Namun di balik viralitas itu, muncul kekhawatiran yang lebih luas. Dalam era digital, karya budaya sering kali terlepas dari konteks aslinya dan direduksi menjadi konten singkat yang mudah dikonsumsi. Dalam kasus ini, Lebo M menilai bahwa reduksi tersebut bukan hanya soal selera humor, tetapi berpotensi mengikis pemahaman publik terhadap warisan budaya Afrika.
Sejumlah pengamat budaya melihat kasus ini sebagai titik temu antara kebebasan berekspresi dan tanggung jawab kultural. Di satu sisi, komedi memang kerap memanfaatkan reinterpretasi sebagai sumber humor. Namun di sisi lain, ketika reinterpretasi itu menyentuh simbol budaya yang memiliki nilai historis dan spiritual, batas antara satire dan distorsi menjadi semakin tipis.
Respons Jonasi sendiri menunjukkan bahwa konflik ini tidak sepenuhnya hitam-putih. Ia mengaku sebagai penggemar karya Lebo M dan sempat berniat berkolaborasi untuk memberikan edukasi kepada publik. Namun komunikasi yang tidak berjalan mulus justru memperkeruh situasi.
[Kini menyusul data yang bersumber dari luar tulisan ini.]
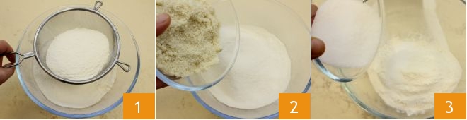 To prepare the shortbread, first sift the all-purpose flour 1, place it in the bowl of a mixer (or in a simple bowl if you are kneading by hand) and add the almond flour 2; finally add the sugar to the two flours 3.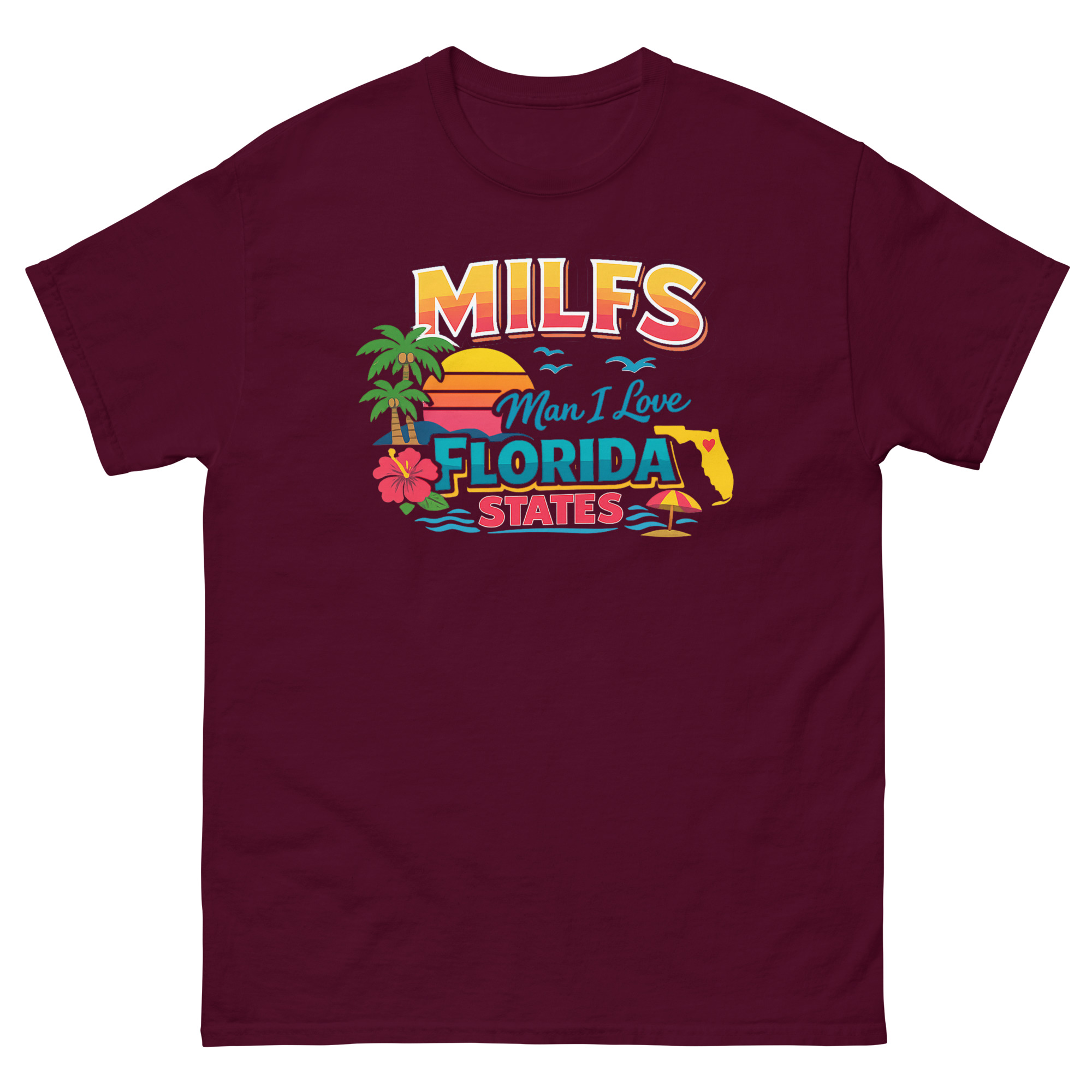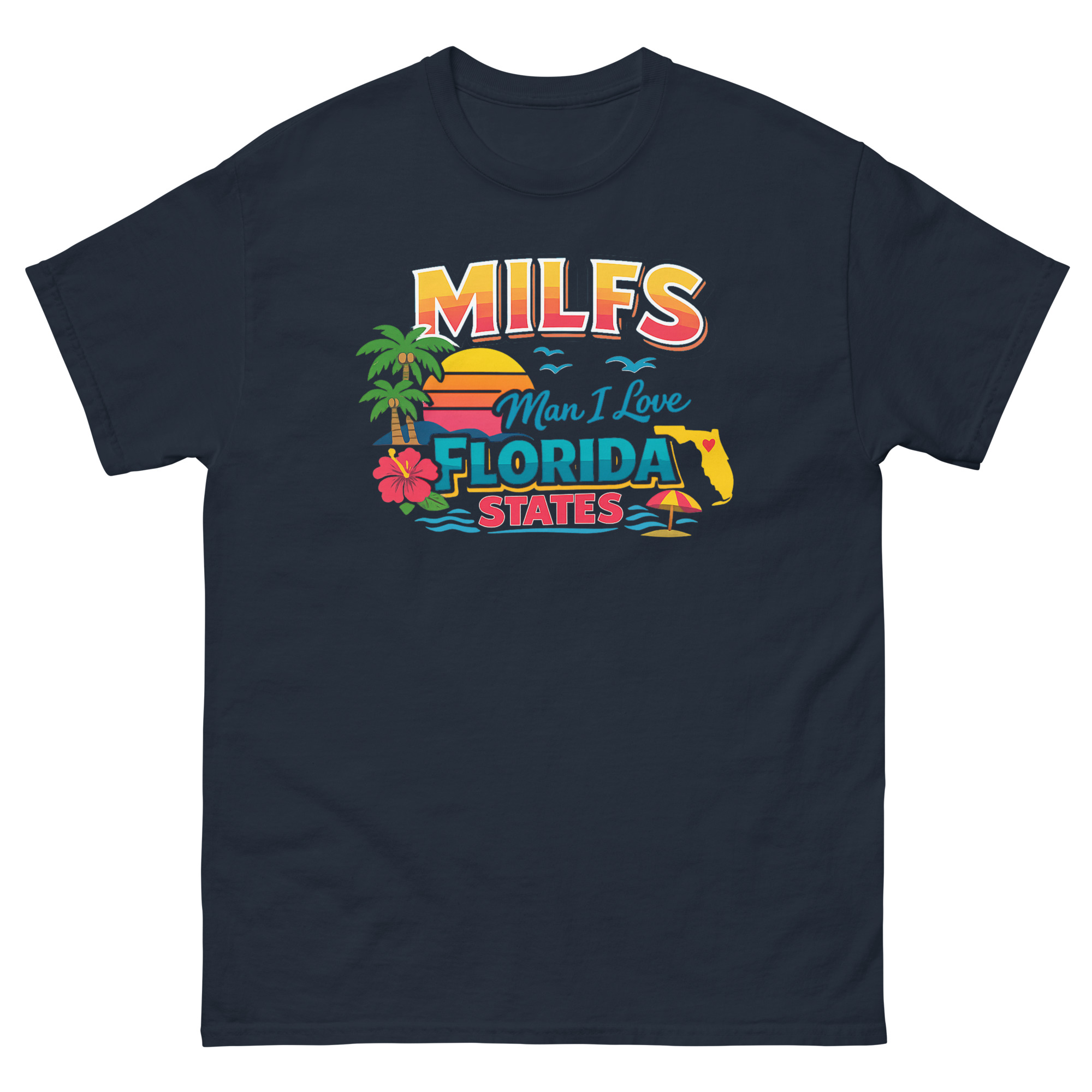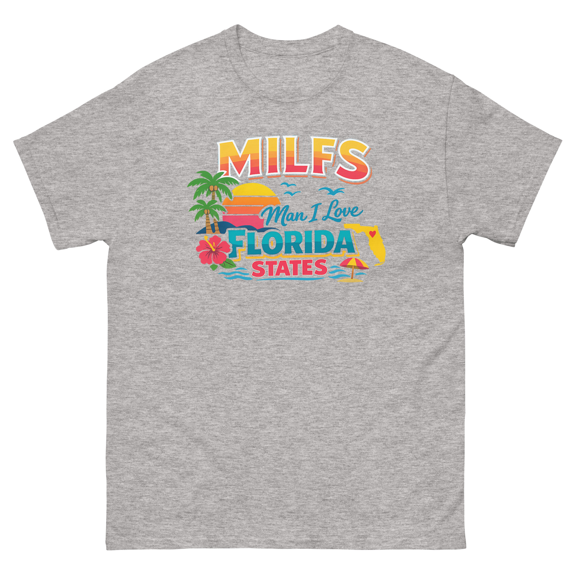 The MILFS Man I Love Florida States T Shirt is a vibrant, retro-styled tee that celebrates life in the Sunshine State with a humorous twist. Its unique design packs iconic Florida imagery, palm trees, a sunset, and a state map, into a bold, colorful graphic. This shirt is made for Florida residents, vacationers, and anyone who loves Gulf Coast vibes and a clever inside joke.

Kasus ini kini berpotensi menjadi preseden penting, terutama dalam menentukan bagaimana hukum memandang konten viral berbasis humor yang bersinggungan dengan identitas budaya. Apakah publik akan melihatnya sebagai ekspresi kreatif yang sah, atau sebagai bentuk misrepresentasi yang merugikan?
Di tengah perdebatan tersebut, satu hal menjadi jelas: di era media sosial, sebuah candaan tidak lagi berhenti sebagai candaan. Ia bisa berkembang menjadi wacana global—bahkan sengketa hukum—yang mempertanyakan ulang hubungan antara hiburan, makna, dan penghormatan terhadap budaya.